THE FOSTER CARE COMMUNITy
For many people, the holidays are a special time that is filled with decorating, celebrating, giving, and receiving (and maybe eating WAY too many treats along the way!). We associate this season with warm memories, exciting events, extra quality time, and family traditions.
But for children in foster care, this time of year can feel lonely and call attention to their current lack of normalcy. For some children, the holidays may bring back positive memories of time spent with their biological parents and siblings. They are reminded of their family traditions, holiday outings, their home, and special gifts they received. Despite the reasons they ended up in foster care in the first place, the child could still long for this quality time spent with their biological family and feel lonely or worried without them. And celebrating with their foster family could make the child experience feelings of stress, guilt or betrayal.
For other children in care, their memories of the holidays aren’t as fond. Maybe they never received any Christmas presents, and went without any special love or attention. Maybe they experienced something especially traumatic this time last year, that stirs up feelings of anxiety and makes them feel unsafe. Or maybe their biological family simply didn’t celebrate, and the child is unfamiliar and uncomfortable with their new foster family’s traditions.
Foster mom, Sarah (*names have been changed for privacy) said, “I could see Amanda’s face as we decorated the tree with lots of memories from the time I’ve had Ava (foster sibling), but nothing of hers. So I’ve tried to make it special for her since it’s her first Christmas home… I got the kids stockings, and Amanda a few of her own ornaments to give their special place. I think not having any real traditions, and mixed emotions, creates a lot of feelings that are hard for our kids to process.”
This time of year can become more difficult for caregivers as well. Parents are navigating the busy holidays, changes in family schedules, events for school, work and family. Adding in the additional responsibilities that come with fostering, such as case worker visits, meetups with the biological family, court dates, and other mandatory appointments, this time can become overwhelming. In addition, they may have to navigate increases in their child’s challenging behaviors and emotional stress brought about by this time of year, while also sorting through their own emotions. Foster mom, Savannah, says she would struggle with thoughts of,
"what if this is my only christmas with them?"
So how can you be there for a foster family or child in foster care this holiday season? Here are a few small but meaningful gestures:
Raising a child takes a village, especially when the child comes from a hard place. Not everyone is called to foster or adopt a child, but there are so many ways to support the people who do. Please check our waitlist below to see if there is a foster family in need of a sponsor near you, and contact us for more information.
Austin Angels began in December 2009 when founder and CEO Susan Ramirez decided, along with her friends, to volunteer once a month. In 2010, while working full-time in the real estate industry, Susan was invited by one of her clients to attend a conference called “Together for Adoption.” Susan attended the conference and was encouraged by her client to go to a presentation on foster care. After initially telling her client that she wasn’t interested because she didn’t feel called to foster, Susan decided to attend that workshop, and her life and career were changed forever.
A judge led the presentation and shared about two boys, Billy and Tommy, who had similar backgrounds in the foster care system. They each entered care at the age of two and had parental rights terminated around the age of eight. During their time in care, they were placed in more than 30 placements, put on dozens of medications for behavioral and emotional needs, and diagnosed with multiple mental health conditions. The judge shared that Billy was adopted three weeks before aging out of the foster care system. After acclimating to his new family and lots of relational healing later, he grew up to start a child placement agency in Texas. Tommy, on the other hand, aged out of the foster care system at 18. With no plan in place and no one to call for support, Tommy committed suicide by jumping in front of a semi truck after leaving his group home.
not everyone is called to foster, and not
It was at this time Susan heard the judge speak the words that have now become Austin Angels’ mantra: “Not everyone is called to foster, and not everyone is called to adopt, but anyone can make a difference in a child's life.” The difference in Billy’s life was that he had a healthy, consistent adult who believed in him and told him that he was valuable. Susan heard this story and knew that she could no longer sit by and do nothing.
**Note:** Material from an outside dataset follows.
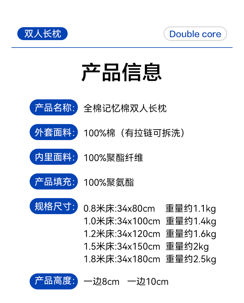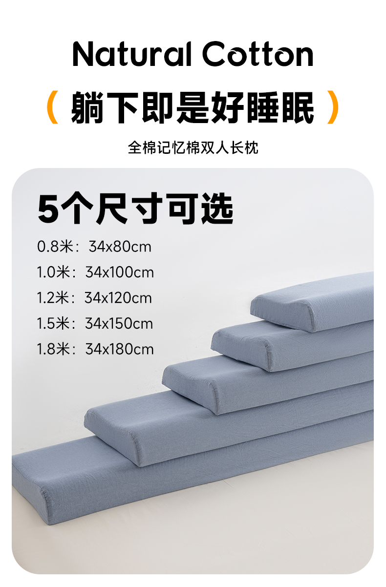 规格 : 0.8米: 34x80cm 重量约1.1kg 1米: 34x100cm 重量约1.4kg 1.2米:34x120cm 重量约1.6kg 1.5cm:34x150cm 重量约2kg 1.8cm:34x180cm 重量约2.5kg 颜色: 橘粉色 蓝色 灰色 外套面料:100%棉(全棉水洗棉,可拆洗) 内里面料:100%聚酯纤维 填充:100%聚氨酯 高度都是8/10,一边8cm,一边10cm 外套可拆洗 ,内芯不建议暴晒、水洗

She left the conference and began to specifically focus on meeting the needs of children in foster care and their caretakers.
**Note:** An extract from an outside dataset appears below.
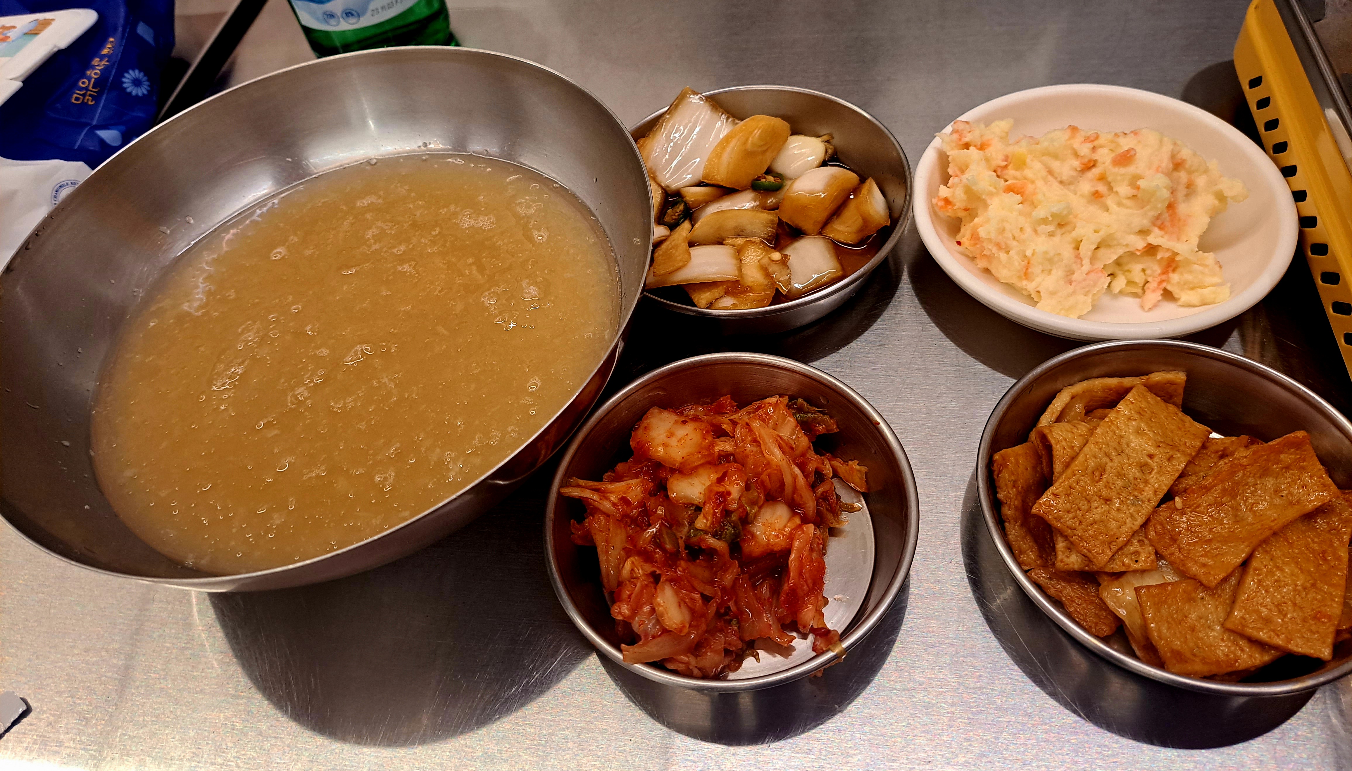 김치, 어묵볶음, 양파장아찌, 감자샐러드와

In 2013, Austin Angels began a pilot Love Box program with a single mother fostering six teenage boys. Each month, a group of volunteers would put together a “love box" of items tailored to their specific needs and a handwritten note of encouragement for each child. Through the process of delivering the boxes, a bond between the foster children, foster parents, and volunteers formed. The volunteers showed up consistently each month for the boys, took an interest in their lives, celebrated their birthdays, and attended important events. The boys went from failing in school, struggling socially, and not attaching, to making straight As, making friends, and saying "I love you" for the first time. After a successful pilot program, the Love Box program was formally launched in January 2015. It has since grown to serve numerous families in the Austin area. In 2017, the Dare to Dream mentoring program was launched and began serving youth on a one-on-one basis.
National Angels launched its first chapter in 2016 and continues to grow and expand. Susan believes that every child deserves the opportunity to grow up to become the person he or she was always intended to become, and every chapter of National Angels will play a part in that vision.